Conversations like this have always fascinated me in some dark way – dialogues with people who may very well be existing in an entirely different reality that I am. Along those same lines, I’m obsessed with seeking out and reading books by writers who have that same "am I mad or transcendentally enlightened?" narrative voice: Edgar Allan Poe, William Faulkner, H.P. Lovecraft, Thomas Pynchon, Hunter S. Thompson, Stepan Chapman, Rudy Rucker, Stephen King, Richard Kadrey, Chuck Palahniuk, etc.

 

 

The opportunity came recently when I stumbled across People Live Still in Cashtown Corners, a short novel (just more than 200 pages) that was recently released by Toronto-based ChiZine Publications. It’s the story of Bob Clark, the unassuming owner of the Sunoco station in Cashtown Corners – essentially an intesection in southern Ontario – who has trouble interacting with other people. The novel begins as Bob services a woman driving a silver 2005 Corolla. He fills up her gas tank, cleans her windshield, and then he pulls her from the car and kills her.

 

A little later, Bob nonchalantly explains to a teenaged kid named Jeremy who works at the station part-time what he did and shows him the corpse, which he stashed away in his trailer out back:

 

“It is what it is. That’s her car out there and, well, that's her right there.”

 

Jeremy looks at the woman again.

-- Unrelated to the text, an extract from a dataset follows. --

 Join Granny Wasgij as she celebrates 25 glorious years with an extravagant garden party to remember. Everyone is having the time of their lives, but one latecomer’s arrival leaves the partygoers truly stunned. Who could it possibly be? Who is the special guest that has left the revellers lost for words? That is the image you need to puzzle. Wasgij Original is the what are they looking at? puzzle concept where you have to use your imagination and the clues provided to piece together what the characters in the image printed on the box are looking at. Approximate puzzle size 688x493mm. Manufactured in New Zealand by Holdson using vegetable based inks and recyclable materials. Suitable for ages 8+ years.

There's a few flies dipping in and out of the back of her skull.

 

“What happened to her?”

 

I feel a little uncomfortable. I wasn't really planning to lay it all out like this.

 

“Well, I hate to say this but I killed her.”

 

Jeremy nods slowly. He's starting to take this in and I'm relieved.

 

“Don't ask me why. Anything I say is just gonna sound ridiculous.”

 

I rub my hand in my hair. I want to appear frustrated.

 

“Things just got out of control...”

 

 

 After spending a few days in the house with the bodies, he decides to bring them outside and hide them in compost heaps out back:

 

“I prop the kitchen door open. The bodies have their own little carry bags. And the route is conveniently marked by a wide red line. I will clean up outside when I’m done. Or not. Let the sun and the flies and the creatures of the night suck the pudding up until they’re full. That’s what I’ll do…”

 

 

During Bob’s time in the house, he falls into delusion and contemplates his life, the inevitable consequences of his actions, and experiences numerous revelations, namely how to finally live his life...

 

 

 

Reading this novel by Tony Burgess was very much like my bookstore conversations with customers who may not have been completely sane – and after finishing People Live Still in Cashtown Corners, you won’t know whether to applaud Burgess’ impressively large literary cohones or arrange to have him committed to the nearest mental health facility…

 

 

Paul Goat Allen has been a full-time book reviewer specializing in genre fiction for almost the last two decades and has written more than 6,000 reviews for companies like Publishers Weekly, The Chicago Tribune, and BarnesandNoble.com. In his free time, he reads.

Comments
by ‎01-16-2011 09:35 PM - edited ‎01-16-2011 09:39 PM

Due to this book's gruesome content, I doubt if I'll ever read it. It just sounds too relentlessly dark for me. But, the passages you quote are poetic and lyrical. A part of me shakes her head at the waste of such prose on the gruesome subject matter, while the other questions whether that insane and relentless blackness compliments the lyricism of the prose. This is a great review Paul. Not many people can make a 'black' book sound so good.